Auf diese Art und Weise ist der Deckel 8 fest arretiert.
[0025] Bei dessen Nichtgebrauch kann er in einer außerhalb des Aufnahmeraumes für das Standrohr
2,3,4 der Bodenhülse gebildeten Kammer 13 verstaut werden.
Bezugszeichenliste
[0026]
1 Bodenhülse
2 Standrohr
3 Standrohr
4 Standrohr
5 polygone Seite
6 Zwischenwand
7 Kragen
8 Deckel
9 Nut
10 Feder
11 Steg
12 Längsnut
13 Kammer
14 Anlage
15 Exzenterscheibe
16 Schlitz
17 Stift
18 Werkzeugaufnahme
19 Öffnung
1. Bodenhülse zur Aufnahme eines zu einem Sportgerät gehörenden Standrohres, das
in Gebrauchsstellung zumindest teilweise an der Wandung der Bodenhülse anliegt, dadurch gekennzeichnet, daß der innere Umfang der Bodenhülse (1) teilweise polygonartig ausgebildet ist
und daß der polygonartigen Seite (5) gegenüberliegend eine gegenüber dieser abstandsveränderbar
in die Bodenhülse (1) einschiebbare Zwischenwand (6) vorgesehen ist.
2. Bodenhülse nach Anspruch 1, dadurch gekennzeichnet, daß die polygonartige Seite
(5) symmetrisch ausgebildet ist.
3. Bodenhülse nach Anspruch 1 oder 2, dadurch gekennzeichnet, daß die polygonartige
Seite (5) vier stumpfwinklig zueinander verlaufende Schrägen aufweist.
4. Bodenhülse nach Anspruch 1, dadurch gekennzeichnet, daß die Zwischenwand (6) im
Querschnitt unterschiedlich geformte Breitseiten aufweist.
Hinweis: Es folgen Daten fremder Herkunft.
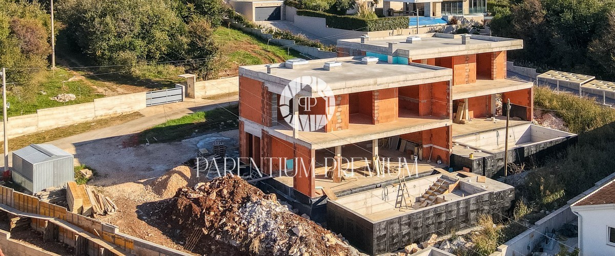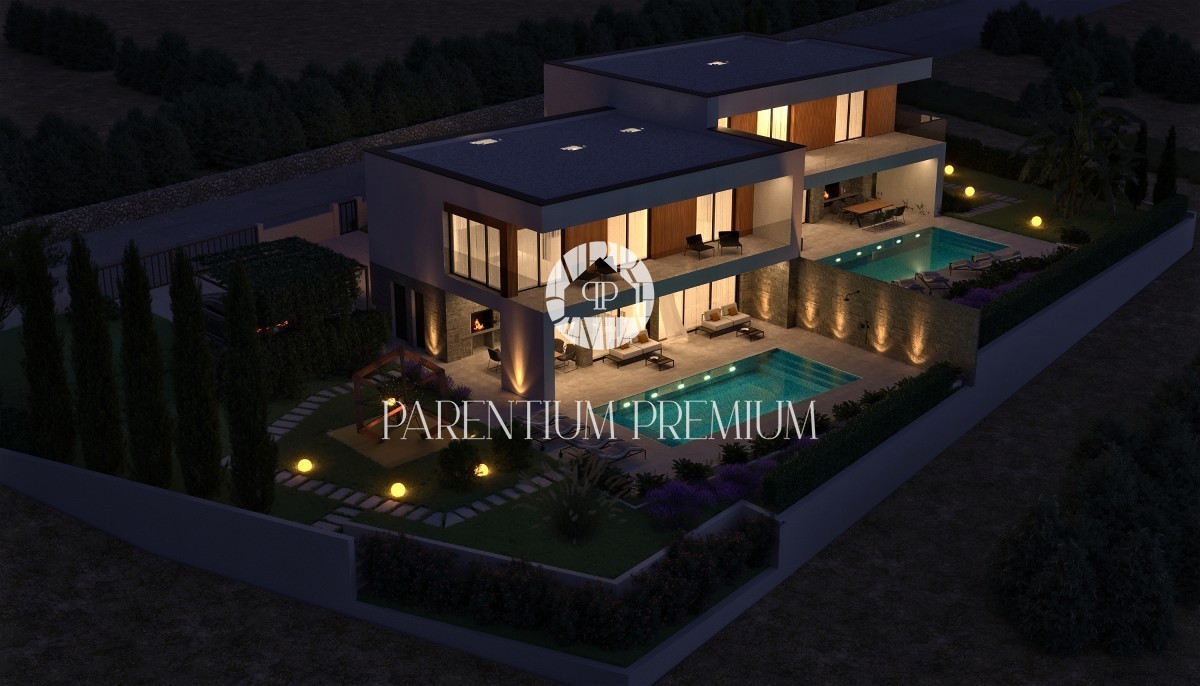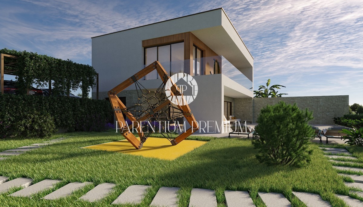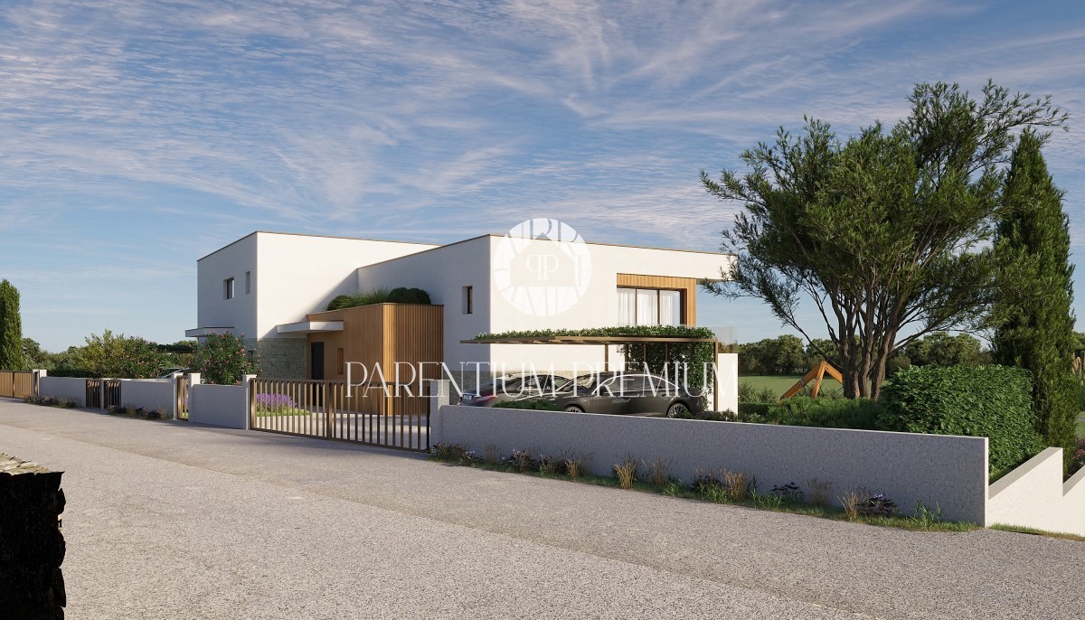 Istra, Poreč - pogled na morje okolica! Ta moderen in izjemno kvaliteten dvojček z ogrevanim bazenom in pogledom na morje, skupne površine 183,21m2, se nahaja na lepi in iskani lokaciji. Hiša je razdeljena na 2 etaži. Pritličje je sestavljeno iz odprte
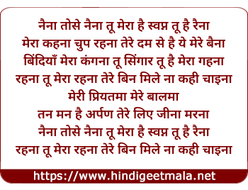 Lyrics of Naina (Rudhramadevi) - नैना तोसे नैना तू मेरा है स्वप्न तू है रैना
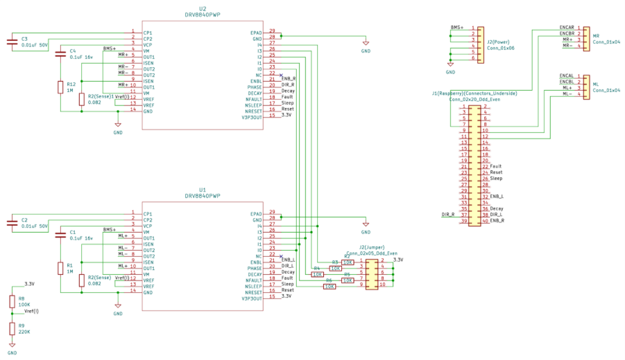 The DRV8840 Also has sleep mode, Fault detection, reset, Drive, Direction and decay inputs and outputs. The pins of sleep mode, decay, fault detection and reset are bridged between the 2 controllers for the left and right motors to take up les pins in the raspberry. The other pins have a sepret connection to the Raspberry. All pins can be connected directly to the raspberry due to the internal logic of the MCU functioning from 2VDC.
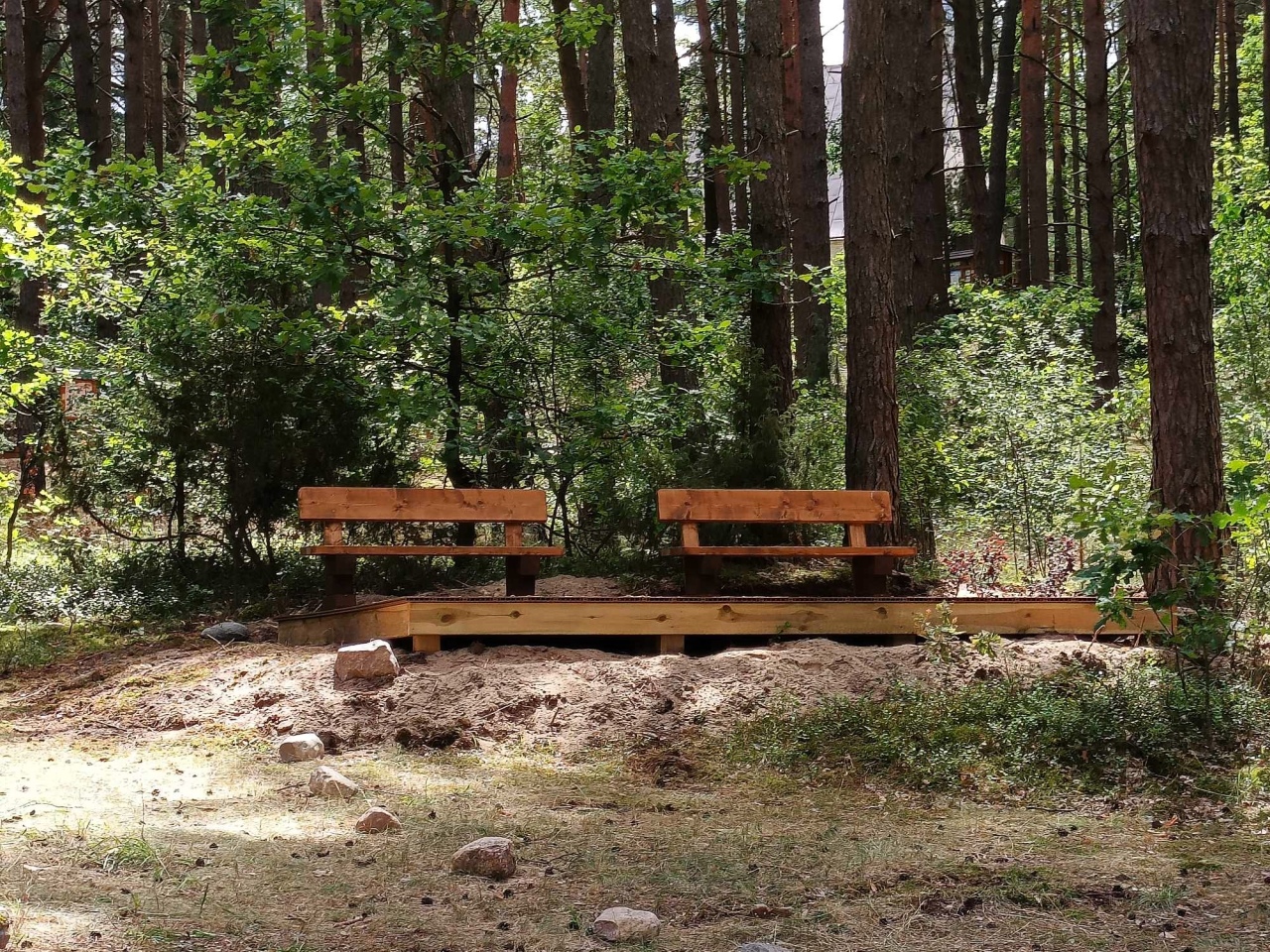 - dostawę i montaż elementów małej architektury w postaci ławek z bali drewnianych, tablicy informacyjnej i koszy na śmieci;
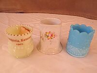 GLASSWARE/CHILDRENS GLASSWARE: Carnival glass; milk glass; Glass Books from Marion Hartung & Ione Hinshaw like Pattens & pinafores-pressed glass toy dishes for children; many pieces of clear glass: salt dips, drinking glasses; some items tagged, wonderful collection! Take a look!
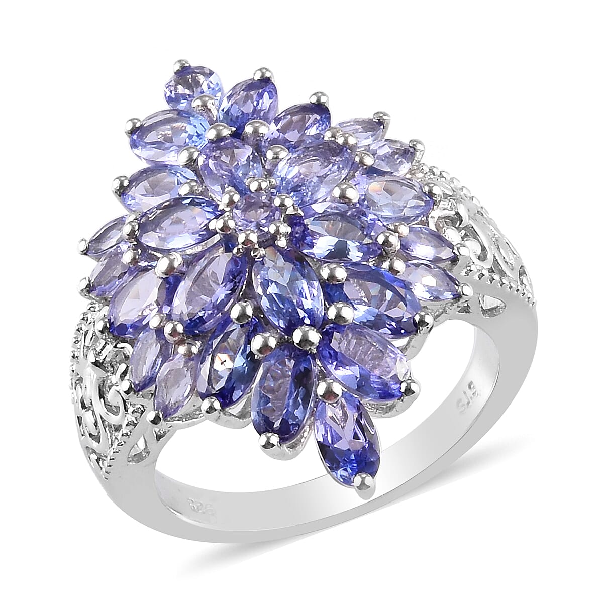 Contemporary art binds the foundation of this tanzanite ring. Round, marquise, and oval tanzanite are studded in a floral pattern with a secure setting. This fashionable ring is designed in sterling silver to sustain the luster for long term. Tanzanite exhibit pleochroic properties, radiating violet-blue hues with flashes of red. Floral pattern with integrated contemporary art symbolizes the fleeting beauty of nature.
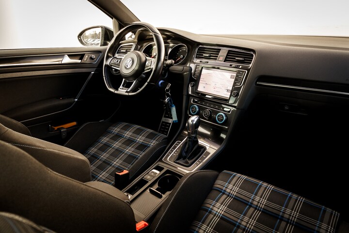 De Golf GTE combineert het vertrouwde karakter van de Volkswagen Golf met moderne plug in hybride techniek. Met een volle batterij rijdt deze GTE tot circa 40 kilometer volledig elektrisch, waardoor korte en middellange ritten vaak zonder directe uitstoot kunnen worden afgelegd. In elektrische modus is de auto stil, comfortabel en soepel, zowel in de stad als op de snelweg. Wanneer de accu leeg raakt, schakelt het systeem automatisch over naar hybride modus. De 1.4 TSI benzinemotor en elektromotor werken dan samen, waarbij de elektromotor ondersteuning biedt tijdens accelereren en het terugwinnen van energie bij afremmen en uitrollen. Dit zorgt in de praktijk voor een efficiënt en ontspannen rijgedrag, met lagere kosten per kilometer dan bij een traditionele benzineauto. Kenmerkend detail is de ruitjes bekleding, een subtiele verwijzing naar de iconische Golf 1.

5. Bodenhülse nach Anspruch 4, dadurch gekennzeichnet, daß eine Breitseite einen in
Längsrichtung verlaufenden Steg (11) und die andere Breitseite eine konvexe Ausformung
aufweist.
6. Bodenhülse nach Anspruch 1, dadurch gekennzeichnet, daß in jeder der parallel zueinander
verlaufenden, gegenüberliegenden Seitenwände mehrere, parallel und mit Ab stand
zueinander verlaufende Nuten (9) vorgesehen sind, wobei die Nuten (9) der einen Seitenwand
genau gegenüber den Nuten (9) der anderen Seitenwand (liegen.
7. Bodenhülse nach Anspruch 1 oder 6, dadurch gekennzeichnet, daß die Zwischenwand
(6) mit Federn (10) versehen sind, die in den Nuten (9) führbar sind.
8. Bodenhülse nach Anspruch 1, bei der ein Deckel vorgesehen ist, mit dem diese in
Nichtgebrauchsstellung abdeckbar ist, dadurch gekennzeichnet, daß an der Oberseite
der Bodenhülse (1), im wesentlichen dem Umfang entsprechend, ein Kragen (7) vorgesehen
ist, auf dem der Deckel (8) aufliegt.
9. Bodenhülse nach Anspruch 8, dadurch gekennzeichnet, daß der Kragen (7) eine umlaufende
Aufkantung aufweist.
10. Bodenhülse nach Anspruch 8 oder 9, dadurch gekennzeichnet, daß am Kragen (7)
ein Stift (17) angeordnet ist, der in eine Öffnung (19) der Aufkantung des Kragens
(7) einsteckbar ist.
11. Bodenhülse nach einem der Ansprüche 8 bis 10, dadurch gekennzeichnet, daß auf
der dem Stift (17) abgewandten Unterseite des Deckels (8) eine Exzenterscheibe (15)
vorgesehen ist, die in Gebrauchsstellung des Deckels (8) in einen in der Bodenhülse
(1) vorgesehenen Schlitz (16) eindrehbar ist.
12. Bodenhülse nach einem der Ansprüche 1 bis 11, dadurch gekennzeichnet, daß zwischen
der der polygonen Seite (5) der Bodenhülse (1) gegenüberliegenden Seite und der Zwischenwand
(6) eine Kammer (13) gebildet ist, in der der Deckel (8) verstaubar ist.